> RECORDS FOR THIS TASK:
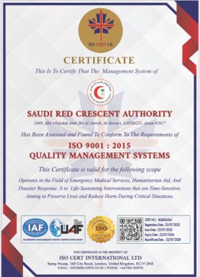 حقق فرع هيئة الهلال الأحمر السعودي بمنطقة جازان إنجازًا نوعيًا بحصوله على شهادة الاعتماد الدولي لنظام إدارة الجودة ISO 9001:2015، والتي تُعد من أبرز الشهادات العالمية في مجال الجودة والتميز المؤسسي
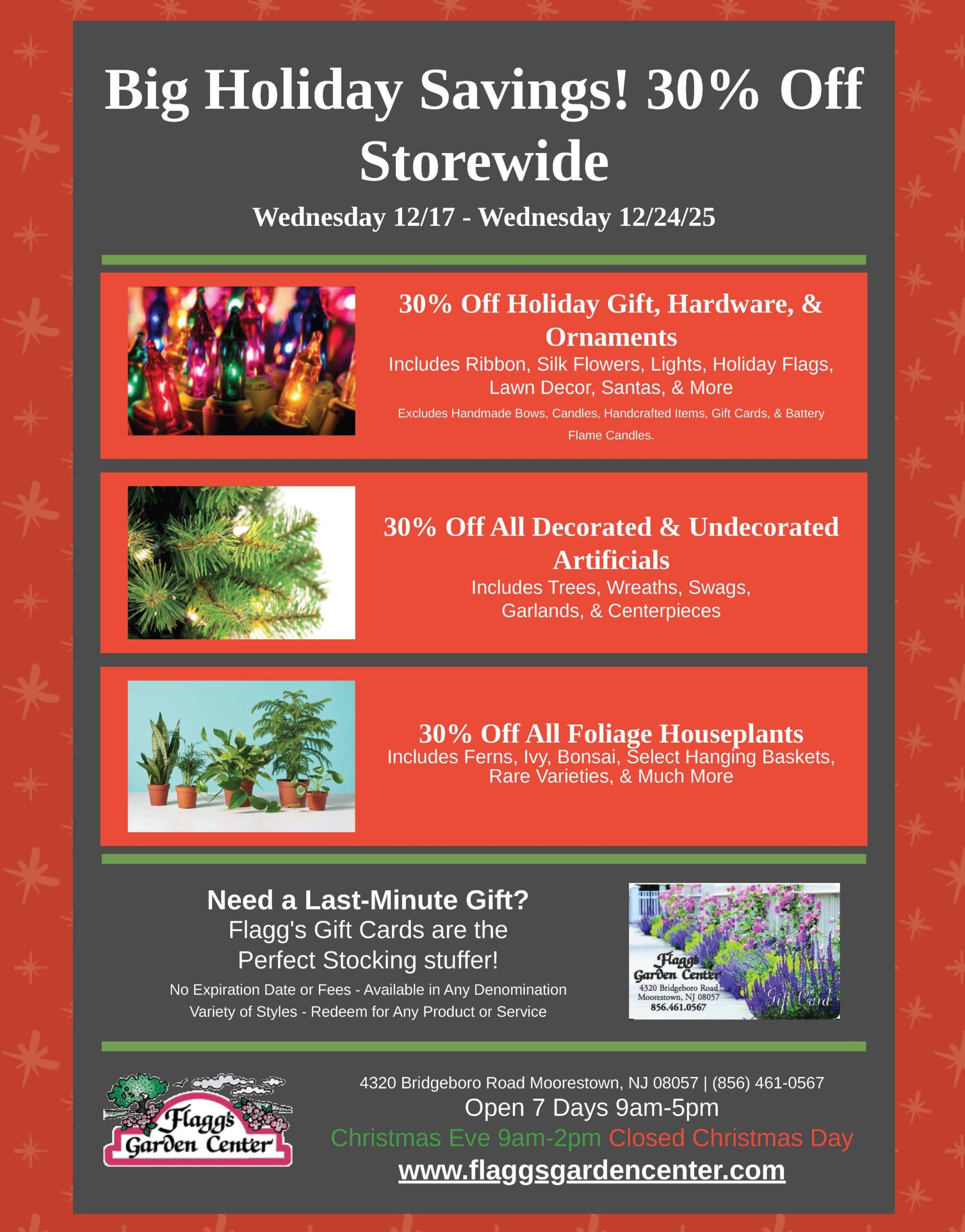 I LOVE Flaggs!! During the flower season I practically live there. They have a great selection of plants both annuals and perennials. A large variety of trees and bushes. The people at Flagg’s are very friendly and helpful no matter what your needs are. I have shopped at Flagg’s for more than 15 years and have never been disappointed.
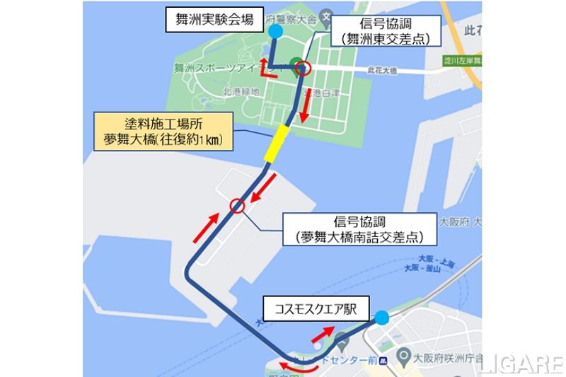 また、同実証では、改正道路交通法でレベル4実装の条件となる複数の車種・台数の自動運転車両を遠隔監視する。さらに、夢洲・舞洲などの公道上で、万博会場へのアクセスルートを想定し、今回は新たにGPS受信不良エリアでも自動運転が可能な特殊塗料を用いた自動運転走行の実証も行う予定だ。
--
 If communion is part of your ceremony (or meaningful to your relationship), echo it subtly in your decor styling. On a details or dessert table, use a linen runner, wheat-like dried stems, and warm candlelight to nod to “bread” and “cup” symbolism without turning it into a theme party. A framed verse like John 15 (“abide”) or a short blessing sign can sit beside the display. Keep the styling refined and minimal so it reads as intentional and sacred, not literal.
---
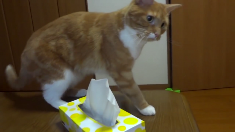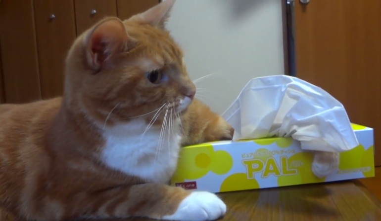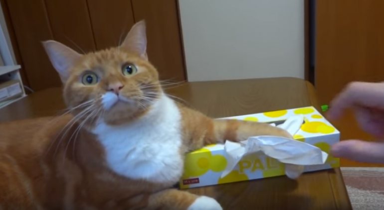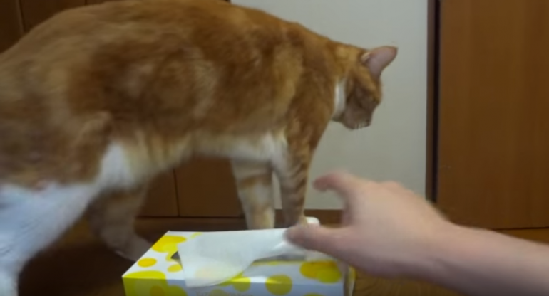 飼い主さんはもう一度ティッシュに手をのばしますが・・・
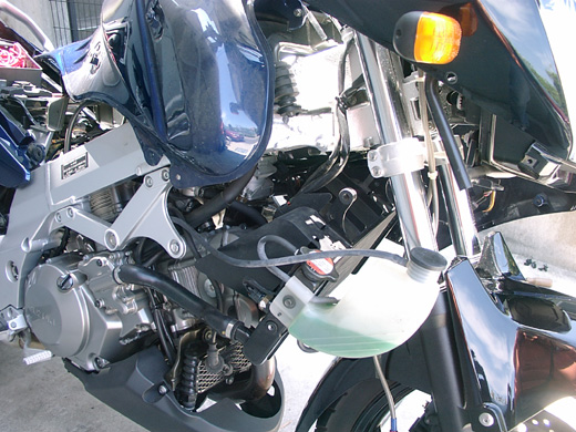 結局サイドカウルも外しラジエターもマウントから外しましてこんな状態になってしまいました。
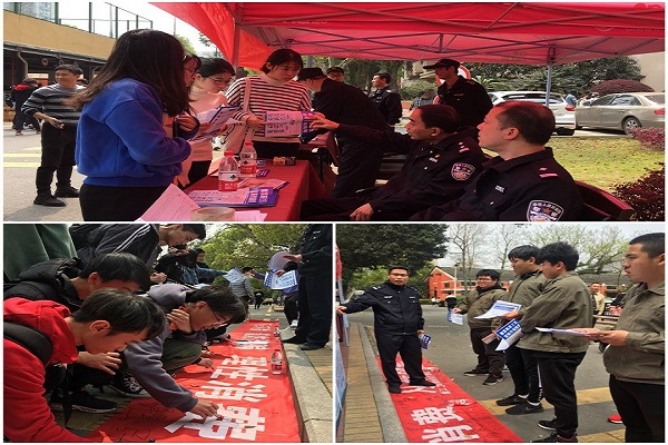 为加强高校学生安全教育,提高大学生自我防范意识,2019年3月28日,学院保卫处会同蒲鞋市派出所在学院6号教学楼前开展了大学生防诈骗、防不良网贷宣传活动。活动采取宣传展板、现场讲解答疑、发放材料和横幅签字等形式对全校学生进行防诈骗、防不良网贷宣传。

> ACTIVITY:
Range to copy from the records above: the line containing "結局サイドカウルも外しラジエ" to the line containing "为加强高校学生安全教育,提高", both included. Output those lines exactly and only those, skipping pictures.

> SOLUTION TO THE PROBLEM:
 結局サイドカウルも外しラジエターもマウントから外しましてこんな状態になってしまいました。
 为加强高校学生安全教育,提高大学生自我防范意识,2019年3月28日,学院保卫处会同蒲鞋市派出所在学院6号教学楼前开展了大学生防诈骗、防不良网贷宣传活动。活动采取宣传展板、现场讲解答疑、发放材料和横幅签字等形式对全校学生进行防诈骗、防不良网贷宣传。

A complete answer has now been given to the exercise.